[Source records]
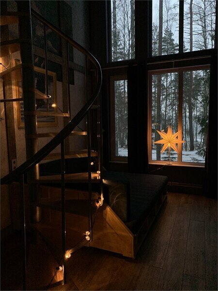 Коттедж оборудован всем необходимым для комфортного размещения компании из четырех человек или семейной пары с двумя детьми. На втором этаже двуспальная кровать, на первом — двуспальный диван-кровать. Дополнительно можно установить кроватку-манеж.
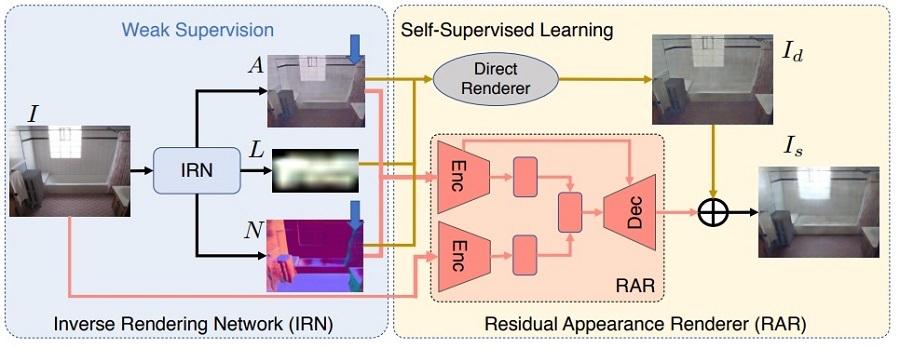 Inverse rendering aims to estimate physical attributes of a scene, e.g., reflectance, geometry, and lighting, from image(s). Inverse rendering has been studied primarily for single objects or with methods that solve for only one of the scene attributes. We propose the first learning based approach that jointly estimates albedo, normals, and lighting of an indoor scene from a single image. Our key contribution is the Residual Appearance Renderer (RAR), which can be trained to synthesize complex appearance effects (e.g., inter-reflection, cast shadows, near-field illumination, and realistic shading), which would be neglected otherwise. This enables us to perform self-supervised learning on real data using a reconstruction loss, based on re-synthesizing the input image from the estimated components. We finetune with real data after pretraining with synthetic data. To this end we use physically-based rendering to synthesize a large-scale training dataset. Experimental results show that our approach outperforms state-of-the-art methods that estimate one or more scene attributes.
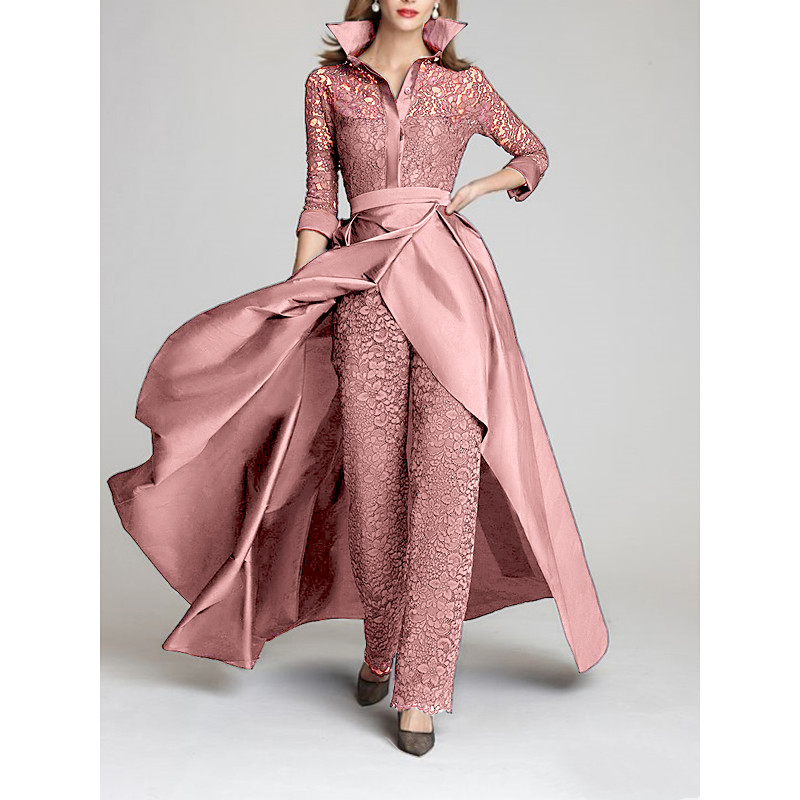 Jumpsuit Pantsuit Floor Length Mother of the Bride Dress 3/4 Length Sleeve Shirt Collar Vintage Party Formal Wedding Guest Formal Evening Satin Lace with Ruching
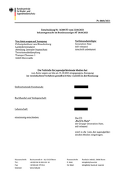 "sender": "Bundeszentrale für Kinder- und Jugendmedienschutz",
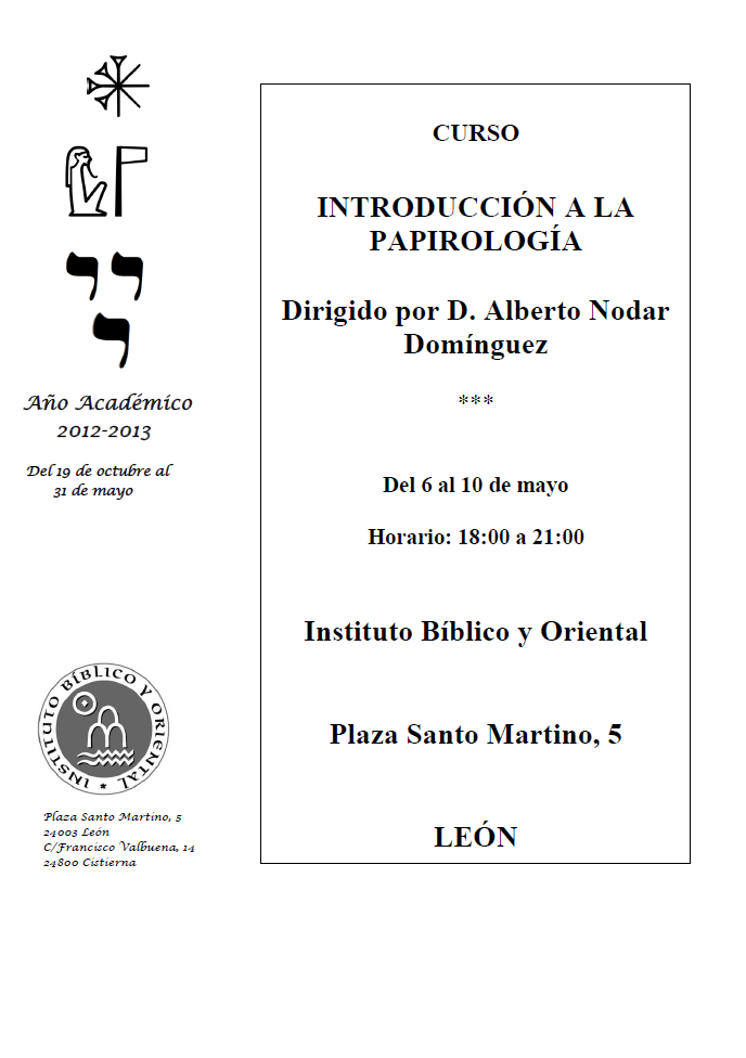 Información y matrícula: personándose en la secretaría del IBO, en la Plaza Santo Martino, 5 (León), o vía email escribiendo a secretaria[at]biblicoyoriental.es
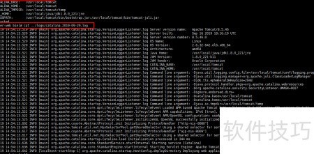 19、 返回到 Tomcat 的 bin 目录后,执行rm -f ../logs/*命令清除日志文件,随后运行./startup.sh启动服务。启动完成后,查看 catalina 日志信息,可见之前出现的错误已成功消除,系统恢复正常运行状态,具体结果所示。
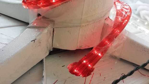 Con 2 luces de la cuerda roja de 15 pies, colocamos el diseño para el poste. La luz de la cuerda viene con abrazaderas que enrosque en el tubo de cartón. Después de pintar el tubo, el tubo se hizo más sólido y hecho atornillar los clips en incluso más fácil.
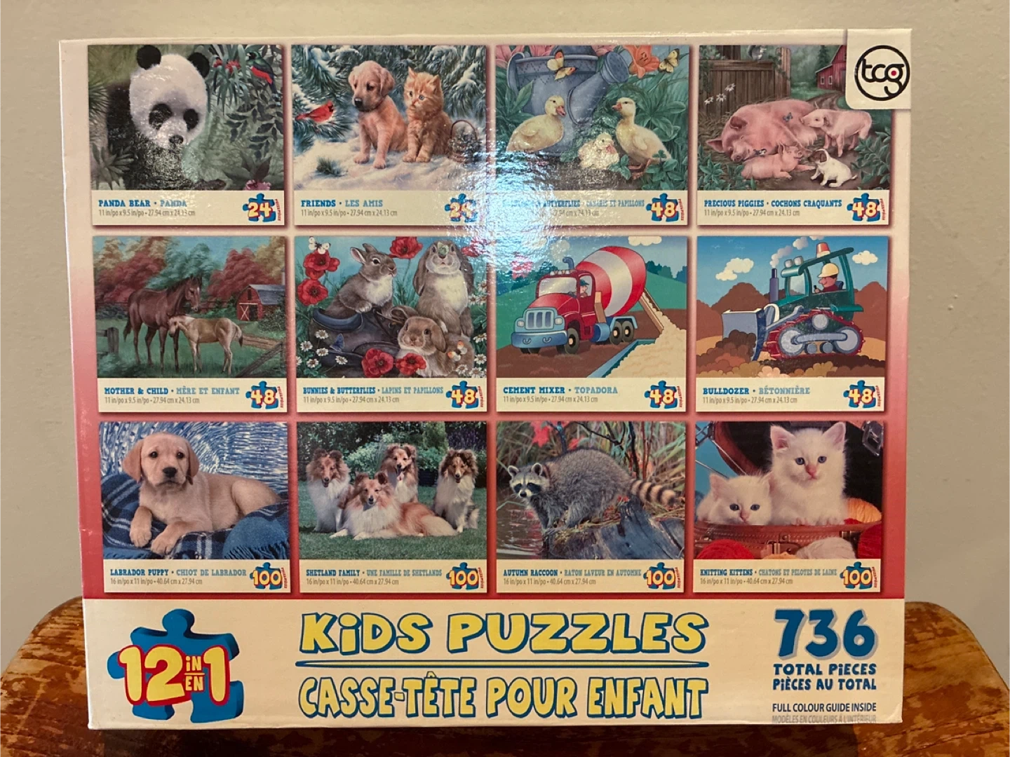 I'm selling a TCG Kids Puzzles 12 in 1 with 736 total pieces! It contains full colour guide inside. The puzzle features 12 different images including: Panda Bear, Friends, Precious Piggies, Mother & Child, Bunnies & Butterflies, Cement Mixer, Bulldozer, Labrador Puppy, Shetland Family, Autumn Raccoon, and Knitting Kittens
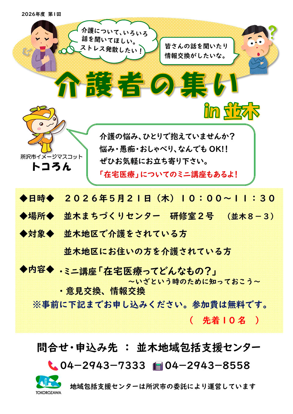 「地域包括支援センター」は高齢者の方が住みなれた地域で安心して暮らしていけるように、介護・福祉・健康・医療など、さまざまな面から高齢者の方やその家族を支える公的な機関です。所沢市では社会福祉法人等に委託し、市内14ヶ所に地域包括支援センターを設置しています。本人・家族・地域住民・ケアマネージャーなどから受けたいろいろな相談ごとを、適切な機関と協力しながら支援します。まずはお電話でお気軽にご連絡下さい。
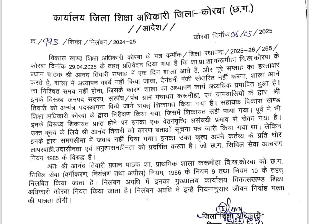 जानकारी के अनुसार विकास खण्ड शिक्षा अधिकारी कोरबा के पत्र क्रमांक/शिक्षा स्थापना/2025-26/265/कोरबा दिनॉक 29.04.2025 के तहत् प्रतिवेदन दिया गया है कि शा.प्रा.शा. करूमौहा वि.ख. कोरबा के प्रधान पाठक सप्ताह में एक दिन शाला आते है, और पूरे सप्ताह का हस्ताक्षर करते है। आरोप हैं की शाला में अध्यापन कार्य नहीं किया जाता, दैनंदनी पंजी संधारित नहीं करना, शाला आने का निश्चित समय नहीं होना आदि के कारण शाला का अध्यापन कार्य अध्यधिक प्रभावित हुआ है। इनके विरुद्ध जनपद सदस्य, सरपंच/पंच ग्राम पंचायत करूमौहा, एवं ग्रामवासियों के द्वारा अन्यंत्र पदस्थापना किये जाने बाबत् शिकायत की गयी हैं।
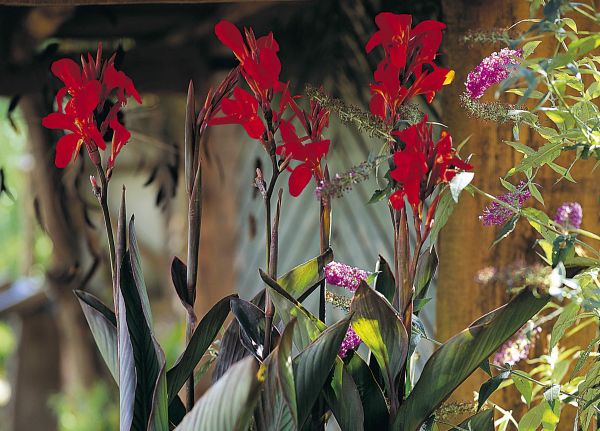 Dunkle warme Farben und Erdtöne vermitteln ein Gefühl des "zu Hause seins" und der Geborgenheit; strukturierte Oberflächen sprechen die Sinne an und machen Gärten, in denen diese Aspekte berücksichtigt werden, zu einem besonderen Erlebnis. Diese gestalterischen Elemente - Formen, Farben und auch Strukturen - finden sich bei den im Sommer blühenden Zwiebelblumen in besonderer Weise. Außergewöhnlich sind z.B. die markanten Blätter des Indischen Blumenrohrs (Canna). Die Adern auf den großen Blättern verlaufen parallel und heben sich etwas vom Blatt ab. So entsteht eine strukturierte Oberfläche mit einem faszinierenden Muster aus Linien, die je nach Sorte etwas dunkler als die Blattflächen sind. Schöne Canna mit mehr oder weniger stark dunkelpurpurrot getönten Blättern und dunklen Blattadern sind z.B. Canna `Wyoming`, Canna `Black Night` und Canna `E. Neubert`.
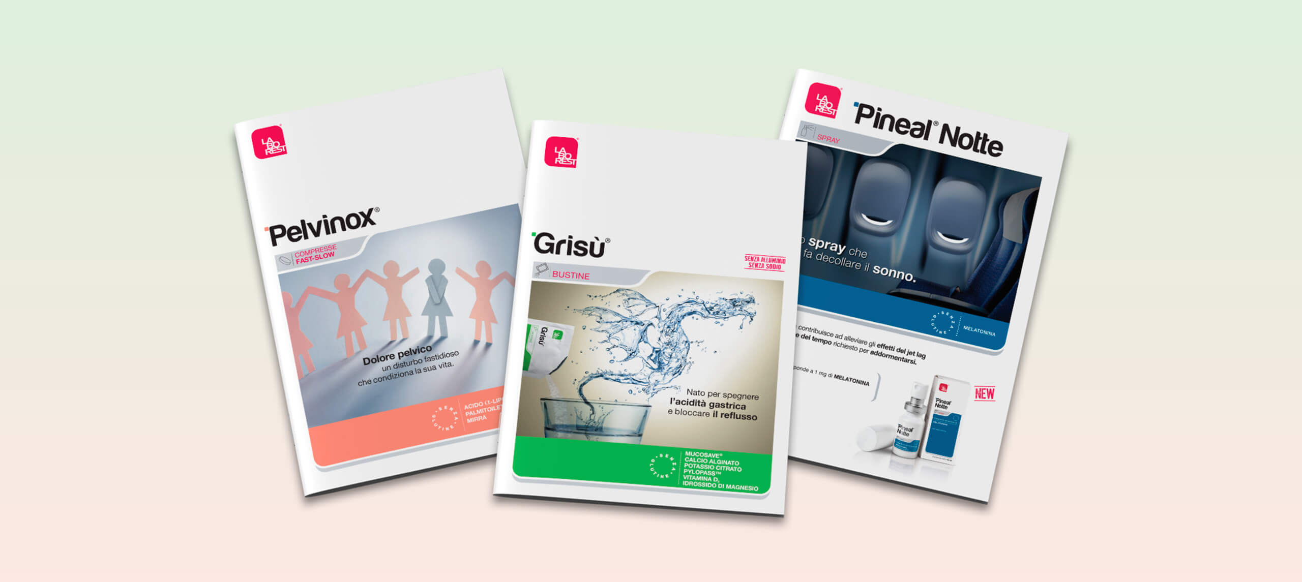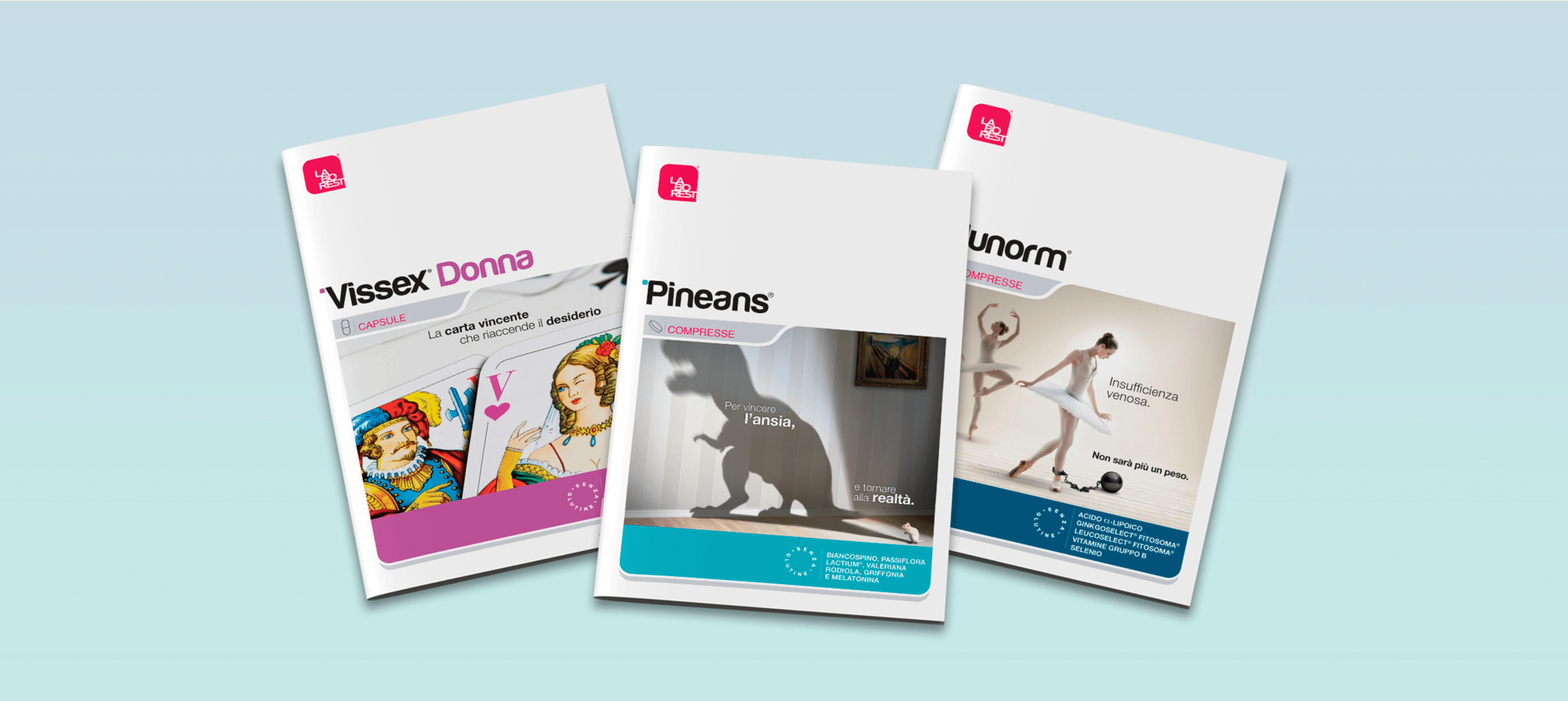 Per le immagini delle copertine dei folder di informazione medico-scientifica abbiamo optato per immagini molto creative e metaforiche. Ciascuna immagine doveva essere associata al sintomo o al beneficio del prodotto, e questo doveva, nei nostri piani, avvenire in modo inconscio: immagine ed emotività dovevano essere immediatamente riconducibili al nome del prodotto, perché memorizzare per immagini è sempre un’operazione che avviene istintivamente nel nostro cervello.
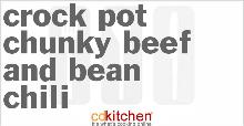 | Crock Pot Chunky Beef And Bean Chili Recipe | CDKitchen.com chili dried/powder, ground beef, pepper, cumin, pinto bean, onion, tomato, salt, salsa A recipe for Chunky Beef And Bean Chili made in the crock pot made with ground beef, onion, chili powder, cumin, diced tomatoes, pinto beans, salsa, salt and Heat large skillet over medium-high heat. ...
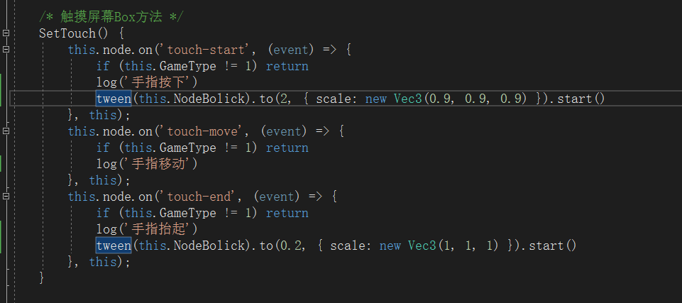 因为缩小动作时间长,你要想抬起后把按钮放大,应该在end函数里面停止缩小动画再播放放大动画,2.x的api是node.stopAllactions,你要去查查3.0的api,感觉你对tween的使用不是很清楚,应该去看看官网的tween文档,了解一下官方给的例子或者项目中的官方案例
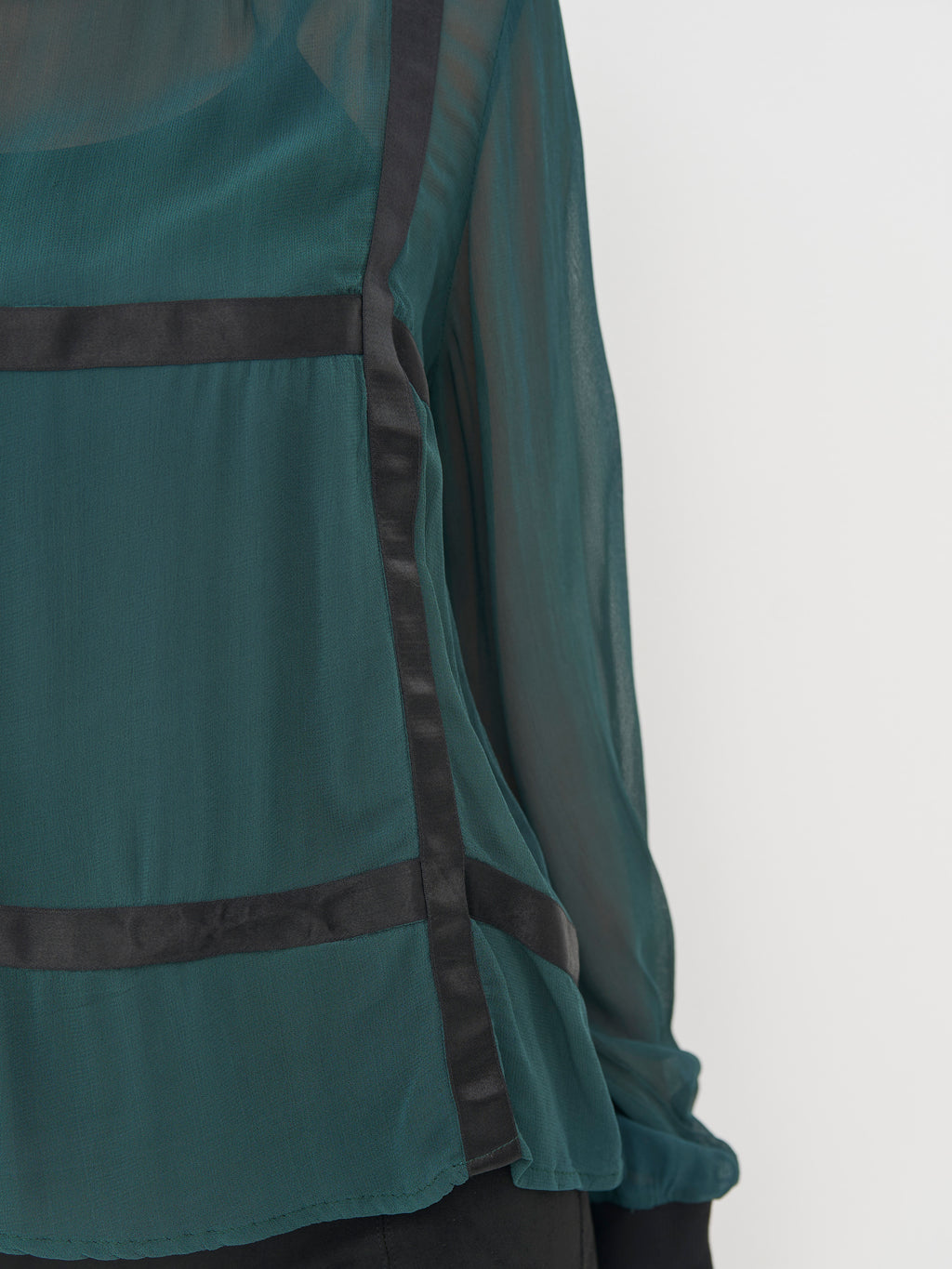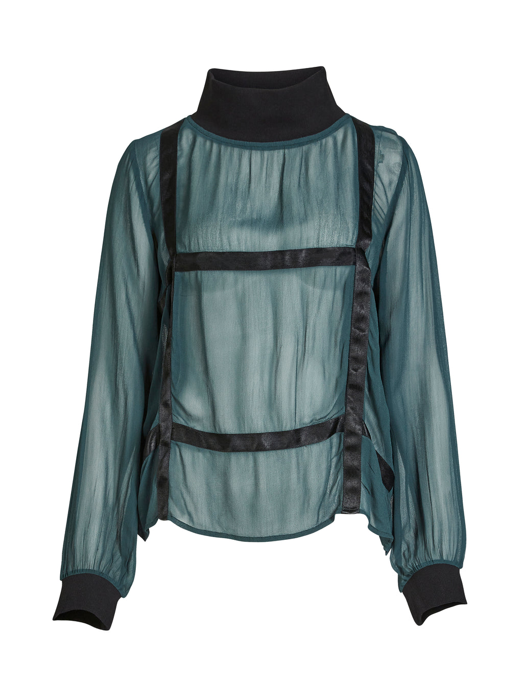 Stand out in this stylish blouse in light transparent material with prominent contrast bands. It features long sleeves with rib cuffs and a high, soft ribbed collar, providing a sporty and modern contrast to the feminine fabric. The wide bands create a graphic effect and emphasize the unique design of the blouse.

WHAT IS BEING ASKED: The lines from the one containing "medium-high heat. ..." through the final line of the data are to be repeated exactly, with both ends included and all pictures left out.

YOUR RESPONSE:
 | Crock Pot Chunky Beef And Bean Chili Recipe | CDKitchen.com chili dried/powder, ground beef, pepper, cumin, pinto bean, onion, tomato, salt, salsa A recipe for Chunky Beef And Bean Chili made in the crock pot made with ground beef, onion, chili powder, cumin, diced tomatoes, pinto beans, salsa, salt and Heat large skillet over medium-high heat. ...
 因为缩小动作时间长,你要想抬起后把按钮放大,应该在end函数里面停止缩小动画再播放放大动画,2.x的api是node.stopAllactions,你要去查查3.0的api,感觉你对tween的使用不是很清楚,应该去看看官网的tween文档,了解一下官方给的例子或者项目中的官方案例
 Stand out in this stylish blouse in light transparent material with prominent contrast bands. It features long sleeves with rib cuffs and a high, soft ribbed collar, providing a sporty and modern contrast to the feminine fabric. The wide bands create a graphic effect and emphasize the unique design of the blouse.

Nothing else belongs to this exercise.